Aim of the task:
Although the data below contains pictures, output only the lines between those holding "- Thư viện Starfield" and "When you’re there, go", inclusive, exactly and without those pictures.

── Entries shown ──

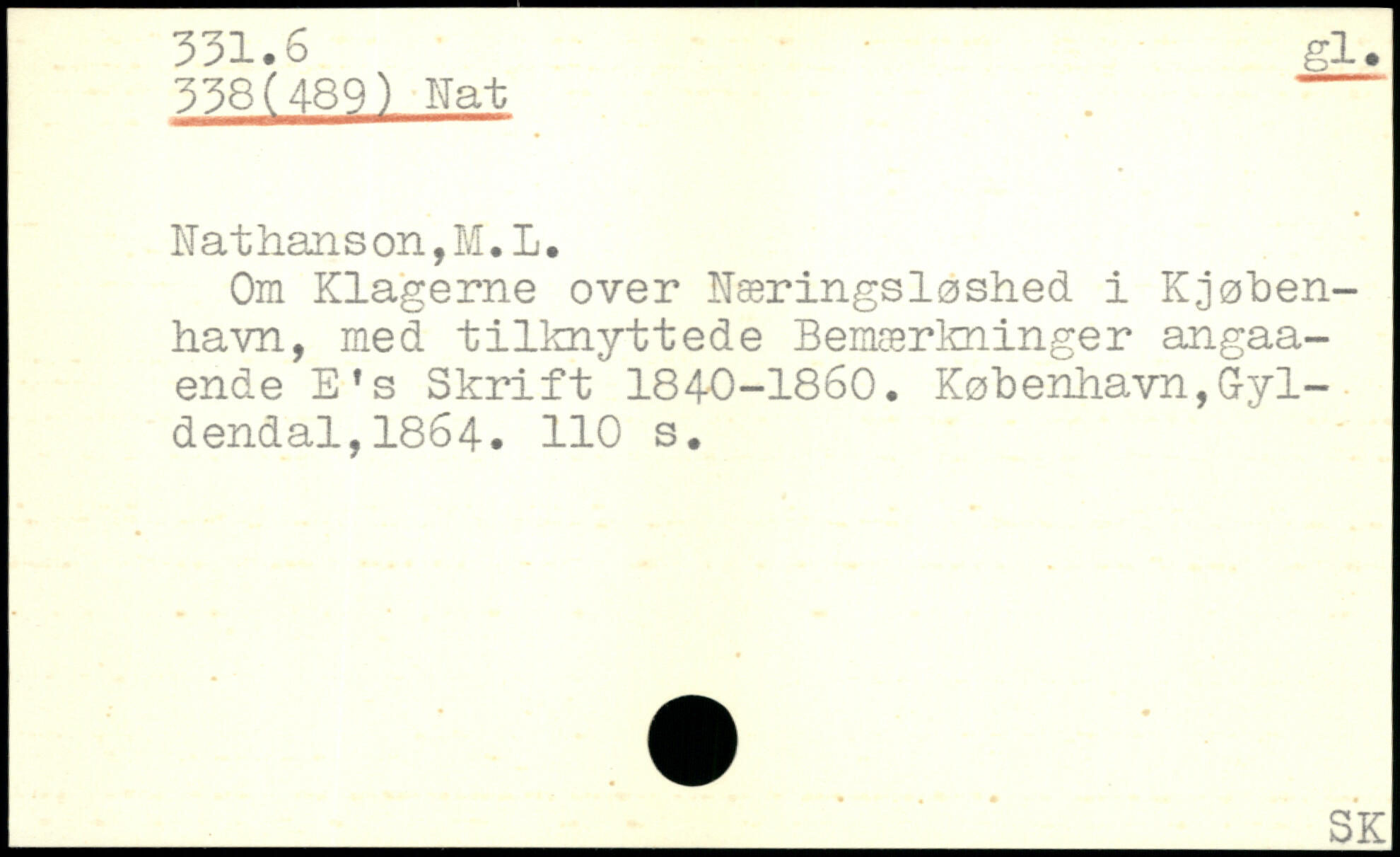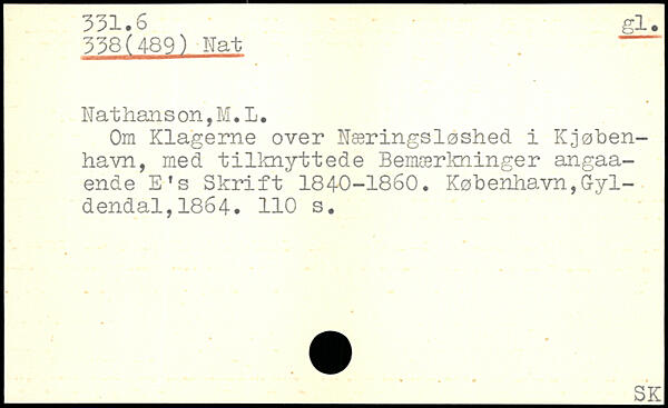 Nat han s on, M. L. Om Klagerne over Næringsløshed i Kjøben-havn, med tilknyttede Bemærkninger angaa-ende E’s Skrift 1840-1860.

───
── Entries shown ──

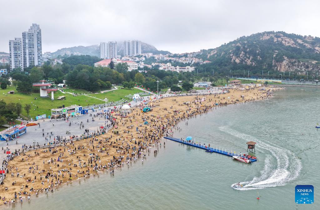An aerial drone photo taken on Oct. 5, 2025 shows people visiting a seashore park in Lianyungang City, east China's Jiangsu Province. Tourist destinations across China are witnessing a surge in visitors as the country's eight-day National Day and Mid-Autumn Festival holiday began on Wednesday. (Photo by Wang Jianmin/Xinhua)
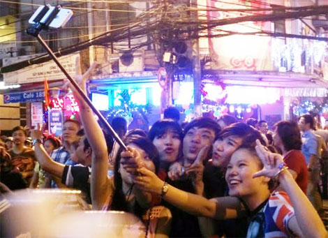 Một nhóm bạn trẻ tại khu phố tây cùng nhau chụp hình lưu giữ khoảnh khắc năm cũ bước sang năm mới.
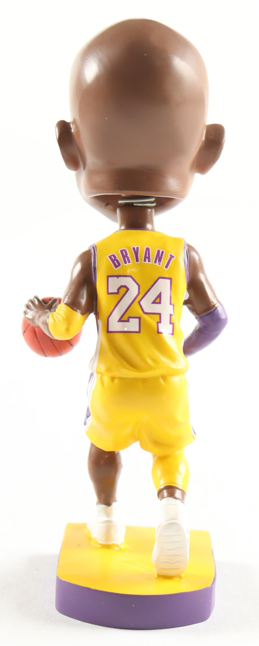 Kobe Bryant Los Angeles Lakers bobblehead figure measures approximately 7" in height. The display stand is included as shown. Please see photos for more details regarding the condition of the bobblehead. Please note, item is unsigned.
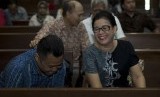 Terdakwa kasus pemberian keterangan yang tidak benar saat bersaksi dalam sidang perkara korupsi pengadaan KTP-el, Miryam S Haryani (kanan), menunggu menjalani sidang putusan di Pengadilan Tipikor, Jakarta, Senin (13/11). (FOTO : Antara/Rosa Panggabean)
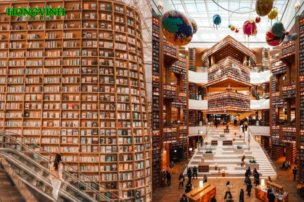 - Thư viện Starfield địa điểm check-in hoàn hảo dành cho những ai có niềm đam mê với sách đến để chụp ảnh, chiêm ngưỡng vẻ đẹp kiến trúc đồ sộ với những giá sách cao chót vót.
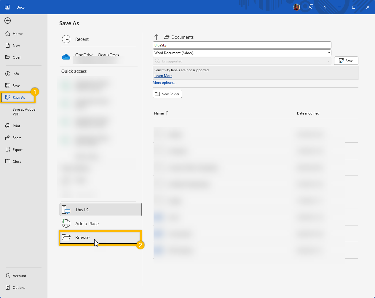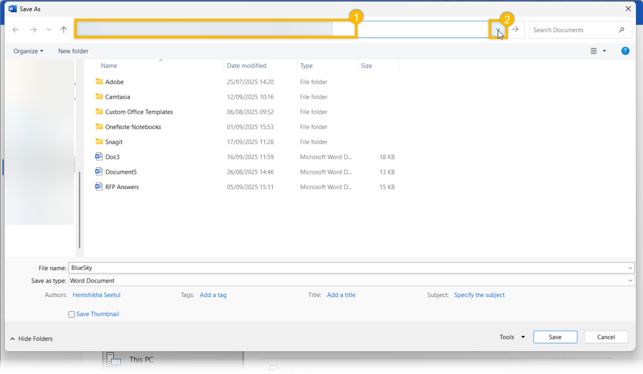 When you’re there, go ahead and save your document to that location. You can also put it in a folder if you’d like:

───

Exercise output:
 - Thư viện Starfield địa điểm check-in hoàn hảo dành cho những ai có niềm đam mê với sách đến để chụp ảnh, chiêm ngưỡng vẻ đẹp kiến trúc đồ sộ với những giá sách cao chót vót.
 When you’re there, go ahead and save your document to that location. You can also put it in a folder if you’d like:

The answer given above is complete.